## INPUT DATA

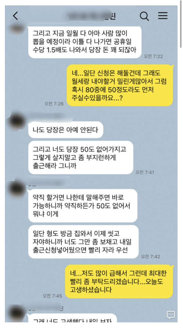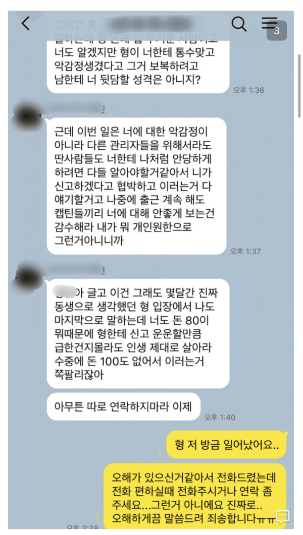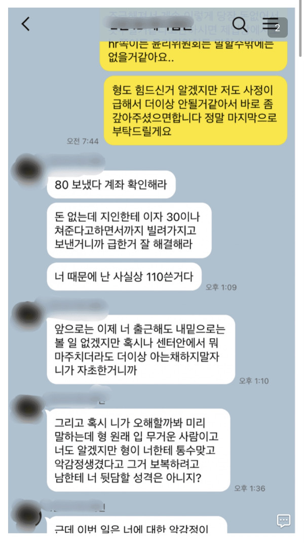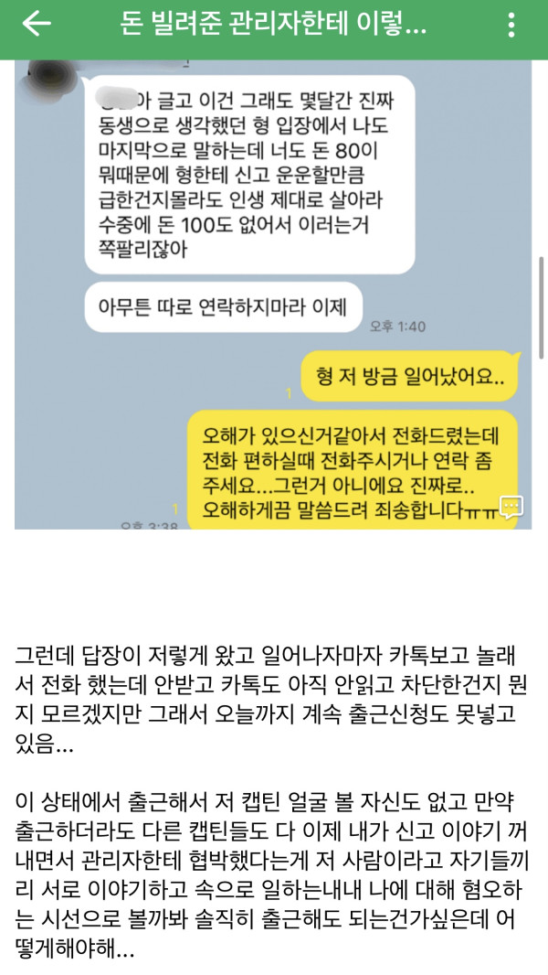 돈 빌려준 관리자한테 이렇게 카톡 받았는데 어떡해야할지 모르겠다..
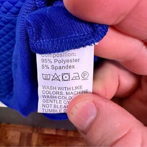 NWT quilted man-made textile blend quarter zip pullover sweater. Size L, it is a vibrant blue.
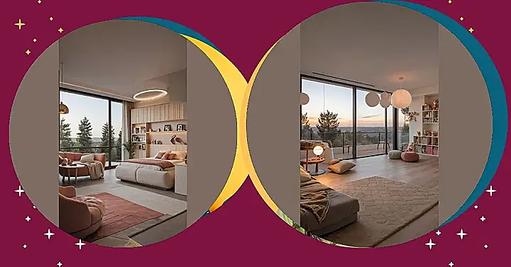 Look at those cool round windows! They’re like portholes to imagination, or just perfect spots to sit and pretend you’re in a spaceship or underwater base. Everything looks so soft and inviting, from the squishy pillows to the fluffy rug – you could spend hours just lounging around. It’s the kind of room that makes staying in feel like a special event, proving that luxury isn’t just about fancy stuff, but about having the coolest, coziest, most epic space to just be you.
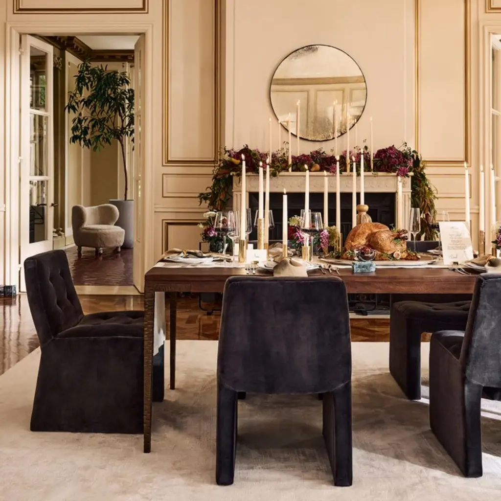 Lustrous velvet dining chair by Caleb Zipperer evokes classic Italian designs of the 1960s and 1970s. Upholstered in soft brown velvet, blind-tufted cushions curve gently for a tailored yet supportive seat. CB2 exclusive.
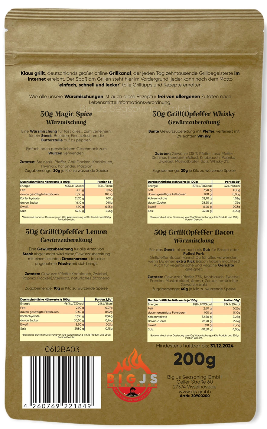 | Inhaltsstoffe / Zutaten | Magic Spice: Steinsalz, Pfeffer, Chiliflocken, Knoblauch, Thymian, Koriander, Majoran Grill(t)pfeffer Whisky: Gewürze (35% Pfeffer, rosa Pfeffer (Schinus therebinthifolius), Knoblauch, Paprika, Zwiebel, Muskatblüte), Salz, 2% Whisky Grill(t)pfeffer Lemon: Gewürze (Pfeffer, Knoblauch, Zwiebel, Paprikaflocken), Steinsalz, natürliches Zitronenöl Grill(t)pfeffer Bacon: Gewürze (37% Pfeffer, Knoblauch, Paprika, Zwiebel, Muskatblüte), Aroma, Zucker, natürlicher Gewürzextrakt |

## ACTIVITY
Leave the images out. Set down all of the material above exactly.

## EXERCISE SOLUTION
 돈 빌려준 관리자한테 이렇게 카톡 받았는데 어떡해야할지 모르겠다..
 NWT quilted man-made textile blend quarter zip pullover sweater. Size L, it is a vibrant blue.
 Look at those cool round windows! They’re like portholes to imagination, or just perfect spots to sit and pretend you’re in a spaceship or underwater base. Everything looks so soft and inviting, from the squishy pillows to the fluffy rug – you could spend hours just lounging around. It’s the kind of room that makes staying in feel like a special event, proving that luxury isn’t just about fancy stuff, but about having the coolest, coziest, most epic space to just be you.
 Lustrous velvet dining chair by Caleb Zipperer evokes classic Italian designs of the 1960s and 1970s. Upholstered in soft brown velvet, blind-tufted cushions curve gently for a tailored yet supportive seat. CB2 exclusive.
 | Inhaltsstoffe / Zutaten | Magic Spice: Steinsalz, Pfeffer, Chiliflocken, Knoblauch, Thymian, Koriander, Majoran Grill(t)pfeffer Whisky: Gewürze (35% Pfeffer, rosa Pfeffer (Schinus therebinthifolius), Knoblauch, Paprika, Zwiebel, Muskatblüte), Salz, 2% Whisky Grill(t)pfeffer Lemon: Gewürze (Pfeffer, Knoblauch, Zwiebel, Paprikaflocken), Steinsalz, natürliches Zitronenöl Grill(t)pfeffer Bacon: Gewürze (37% Pfeffer, Knoblauch, Paprika, Zwiebel, Muskatblüte), Aroma, Zucker, natürlicher Gewürzextrakt |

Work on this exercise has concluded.